We are showing that "intent" and "forethought" are totally unnecessary as existential entities to explain our universe.

They don't really exist in your mind: "intent" and "forethought" are a series of physical triggers that represent these abstract concepts. There is no more "intent" in "you" than there is an intention for an atom to wander about its business. There is no more "forethought" to your actions than there is to where that atom winds up on its merry journey.


How did the preceding four sentences come to be written?


Physical interactions.


Your intent, then, (in posting at all) is to say what you say is random... one can intend to say there is no "intention"?

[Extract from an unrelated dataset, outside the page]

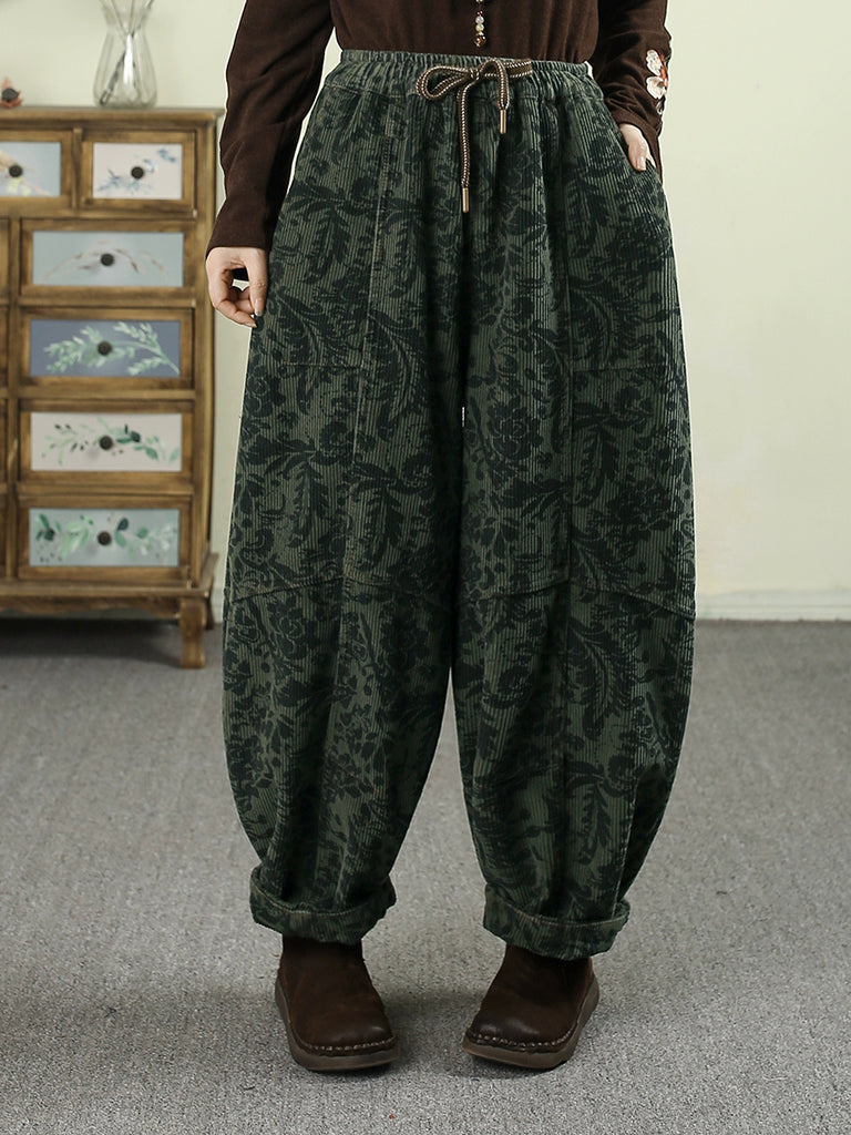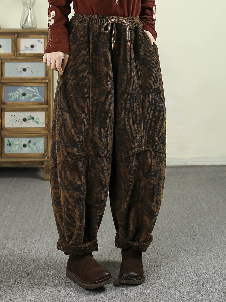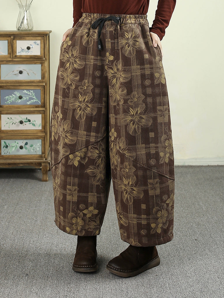 Dámské zimní retro květinové harémové kalhoty s fleecovou podšívkou

How did you stumble across this? :)
 
Bloody hell cyborg this link is absolute genius! I think EVERYBODY participating in this thread (excluding Cuddles!) should be REQUIRED to watch the video before they are even allowed to continue in the debate. One would be forgiven for concluding that the guy who posted it based it on my Sam & Ollie story (I promise it wasn't the other way around!). The analogy is a perfect match, in principle.

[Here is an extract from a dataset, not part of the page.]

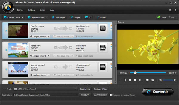 Ce Convertisseur Vidéo Ultimate est un convertisseur vidéo. Il vous permet d'éditer la vidéo pratiquement. Il est également capable de convertir tous les fichiers vidéo en un autre format vidéo 2D/3D comme vous voulez. La conversion 4K sont pris en charge.

In fact, I think I'll refuse to debate further with anybody who fails to admit to watching the video, and any further arguments that are posted and that the video adequately disproves will simply be referred to the video! I can tell you now, anybody who fails to watch it will retire from this thread through boredom of receiving my "Watch the Post #1556 link!" stock responses!

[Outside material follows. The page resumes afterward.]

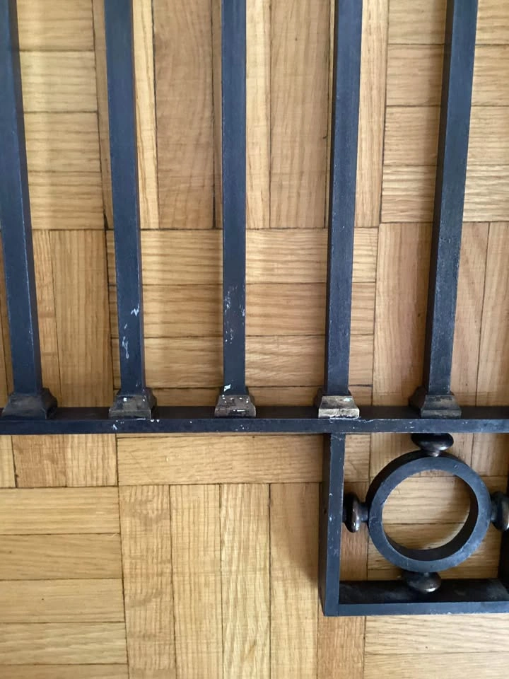 Rare antique cast metal cashier window grille, originally used in a bank, post office or other setting in the early 1900s (Estimated 1915 to 1925 based on the more streamlined art deco style). Features the original “CASHIER” header plate, vertical iron bars, and aged patina that reflects its long history. Perfect for collectors of architectural salvage, antique dealers, or as a statement art or decor piece in a home, office, bar, cafe, or retail space. Can be displayed as wall art, mounted in a frame, or repurposed in interior design. Made from cast iron/steel construction and cast brass/bronze lettering all with original patina (has been lightly cleaned but not refinished) preserving historic character. Structurally sound and extremely solid and heavy. Shows expected wear and age-appropriate marks. Light paint spots present but could be easily cleaned by the new owner if that is the look they wish. Measures 18.5” wide and 28” tall. $550 CASH ONLY. Pick up ONLY near Parliament and Bloor

Shame about some of the slide transition speeds mind. Just read quickly and/or watch repeatedly is my humble advice!

Fantastic cyborg :D

I agree. That's one of the most eloquent demonstrations of an analogy of evolution I've seen yet.

Strike that. Remove the "one of" from my sentence.
 
I agree. That's one of the most eloquent demonstrations of an analogy of evolution I've seen yet.

Strike that. Remove the "one of" from my sentence.

I agree... and I posted that link almost 5 months ago...


http://www.internationalskeptics.com/forums/showthread.php?p=2727740&highlight=watch#post2727740
#1387 and it was, of course, completely ignored by at least 3 of the people who are ignoring it on this thread. They could have watched it... but they don't-- or they never commented on it. That's why some must go on "ignore".

Also, the Dover trial was recently broadcast and multiple links were provided. If someone wanted to discuss how ID actually argues-- there was plenty of evidence to do so. But instead they presume they know. They have no curiosity in regards to current knowledge on the topic. I believe Kleinman ignored the watch link also. Actions (or non-actions) speak louder than words.

Why would a person pretend to have expertise in an area he has no interest in or curiosity about-- something he doesn't keep up on?
 
... anybody who fails to watch it will retire from this thread through boredom of receiving my "Watch the Post #1556 link!" stock responses!

Shame about some of the slide transition speeds mind. Just read quickly and/or watch repeatedly is my humble advice!

You can PAUSE youTube videos :)


and I posted that link almost 5 months ago...

No-one has read all the backlog :D
 
Of couse, when it was posted back then, in an argument about randomness of evolution vs. not, the reason it wasn't commented on was it was a simulation of a static environment (selection bias) with only one selection criteria, a simulation that had the impossibility of extinction, static population size, and no competition from other kinds of watches to fill the niche.

While it illustrates a selection process, it was and still is a poor representation of a dynamic environment, with competition, extinction, and so on.

The result is actually very predictable as soon as you see his selection criteria of drawing three, and tossing the worst one.

It says nothing that is contested by anyone here, and is irrelevant to the point made. Oversimplification of models is a fun way to prove a point, any point.